This piece originally appeared in Religion News Service.

By Ari Gordon and Suhail Khan

(RNS) — It has been 25 years since Bosnian Serbs in Srebrenica, a small town in eastern Bosnia, murdered nearly 8,000 men and boys. The most extensive genocide in Europe since the Holocaust, the massacre capped a three-year campaign of ethnic cleansing, which included regularized instances of summary executions and torture as well as rape camps and forced labor.

Over that span, the Serbian paramilitary forces, supported by Slobodan Milosevic's ethno-national Serbian state next door, tortured tens of thousands and displaced two million more and left at least 200,000 dead.

The Srebrenica massacre — carried out while ignoring a United Nations “safe zone” created by United Nations peacekeepers stationed in the area to protect Bosnia — has been mourned as a failure by the international community to prevent genocidal attacks.

But in the 25 years since, the world has failed to prevent atrocities against civilians in Baathist Iraq, Cambodia, Burundi, Rwanda, Somalia, Sudan, and too many other places to list. Seventy-five years after the Holocaust, the world’s nations have effectively turned their backs on the collective post-war promise “Never again.”

In Myanmar, more than 10,000 Rohingya civilians have been murdered by the Buddhist majority military forces. More than 740,000 have been driven out of their homes and into neighboring Bangladesh. Thousands have been tortured, including by rape. In Syria, the death toll rises, and the massive human displacement continues, while 80% of war-torn Yemen’s population cannot survive without humanitarian assistance.

If we are to make good on our promise to stop mass atrocities from happening, we must restore principled American leadership in multilateral institutions. 

At the ceremony marking the Srebrenica massacre’s 10th anniversary, U.N. Secretary-General Kofi Annan made a startling admission that the body's philosophy of impartiality and non-violence, "however admirable, was unsuited to the conflict in Bosnia.” Indeed, the international community's “neutrality” doctrine has been shamefully used for generations to halt interventions into humanitarian crises.

The persistent shortcomings of multilateral institutions call us to reform them, not rebuff them, however. Indeed, it is more crucial than ever that Washington provides strong leadership in our broken world by engaging through the U.N., NATO, and other multilateral organizations. Accountability before the international community — an important outcome of both the Nazi genocide and what happened in Srebrenica — can serve as a deterrent against atrocities and a means to bring perpetrators to justice.

The Nuremberg trials, with strong American leadership, set the precedent for international tribunals to hear claims regarding war crimes and crimes against humanity.
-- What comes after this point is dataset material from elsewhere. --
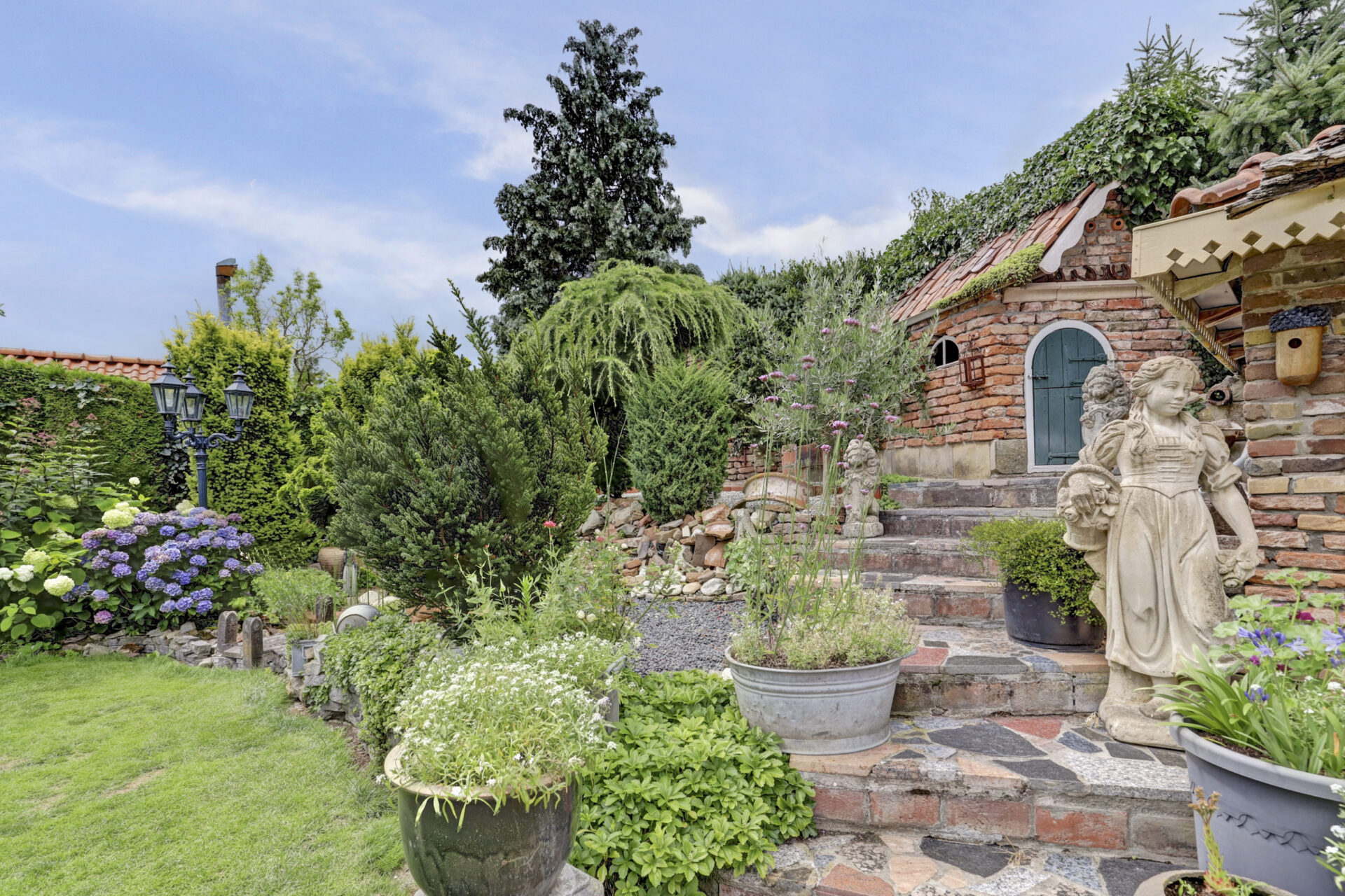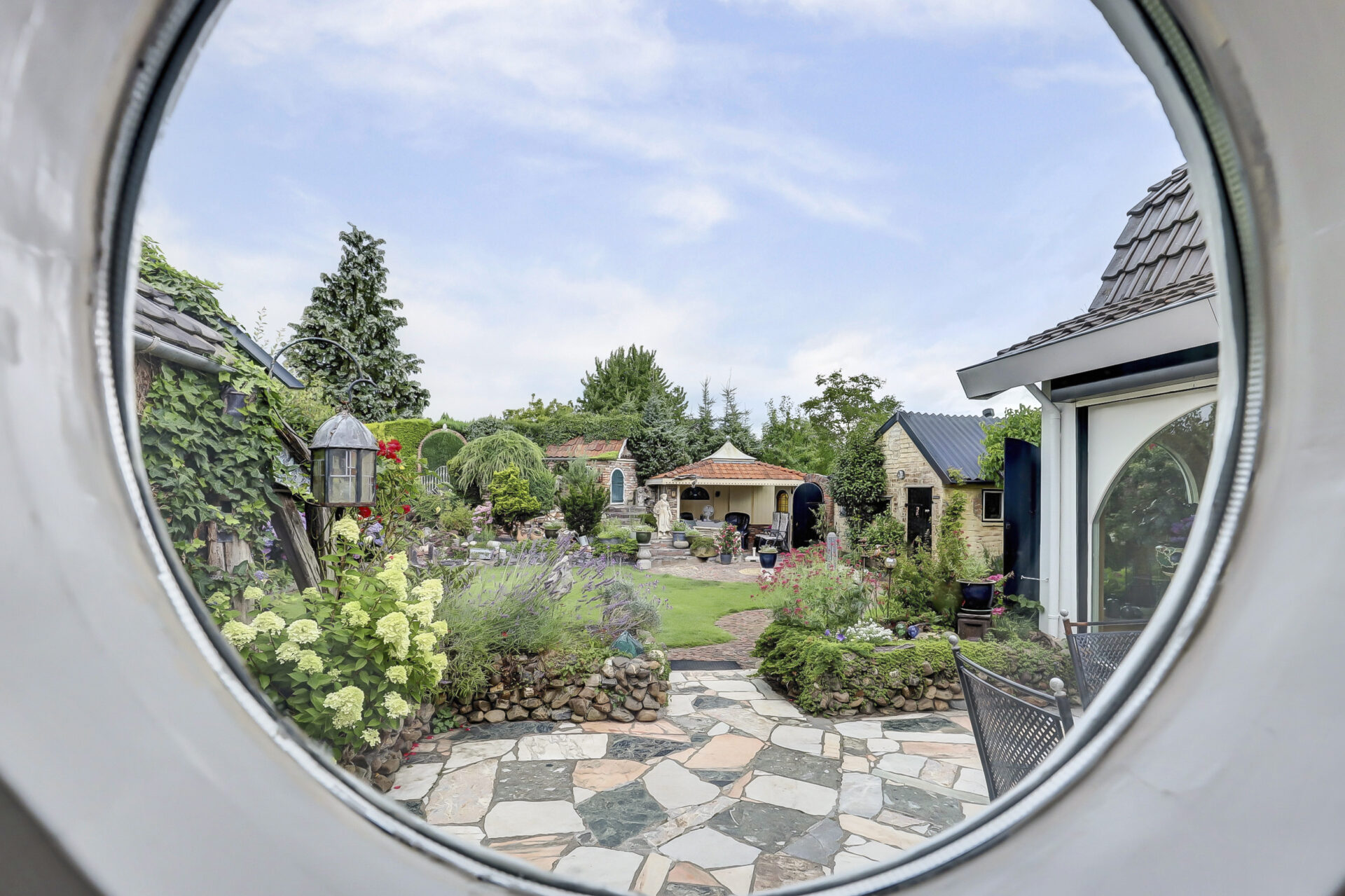 De fraai aangelegde tuin is een waar genot voor iedere liefhebber van het buitenleven. De tuin is grotendeels ingericht als sfeervolle siertuin met kleurrijke beplanting en gezellige zithoekjes, terwijl er achter de ruime schuur een gedeelte is ingericht als moestuin perfect voor wie graag zelf groente en kruiden kweekt. Dankzij de besloten ligging geniet je hier volop van rust en privacy.

After Srebrenica and the Bosnian War, the International Criminal Tribunal for Former Yugoslavia charged and convicted the chief perpetrators, among them the then-president of the Bosnian Serb Republic, Radovan Karadzic, and the commander of the Bosnian Serb Army, Ratko Mladic. Milosevic's trial ended in 2006 when he died in prison.

America offers a voice of moral leadership on the global stage, but we must also ensure that our practice at home models the values we wish to project. As America grapples with the painful legacy of racism and the challenges of socio-economic and political division, we must hold steadfast to our shared ideals of equality and liberty. And we must continue to foster and embrace an American ethic that regards patriotism and diversity as values in concert, not in conflict.

As we remember the millions of innocents murdered during the Holocaust and the massacre of thousands in Srebrenica, let us honor their memories by striving to work together as free people to foster peace and healing in the many places of war, conflict and human suffering.

Earlier this year, as part of a delegation of faith leaders from Europe, the Middle East, Asia, and the United States, organized by the American Jewish Committee in partnership with the Muslim World League, we visited Auschwitz-Birkenau, the most infamous of the German Nazi death camps, during the 75th anniversary of its liberation.

An American Muslim committed to Holocaust education and the Jewish grandchild of survivors, together we bore witness to the mass murder perpetrated in the camps and reaffirmed, as people of faith, our commitment to work together to fight the scourge of racism and hate that continues to plague our world.

This work is urgently needed as today’s headlines reveal humanity’s failure to learn the painful lessons of history.

Ari Gordon is American Jewish Committee's director of U.S. Muslim-Jewish Relations. Suhail Khan is a senior fellow at the Institute for Global Engagement. Both serve on the Muslim Jewish Advisory Council.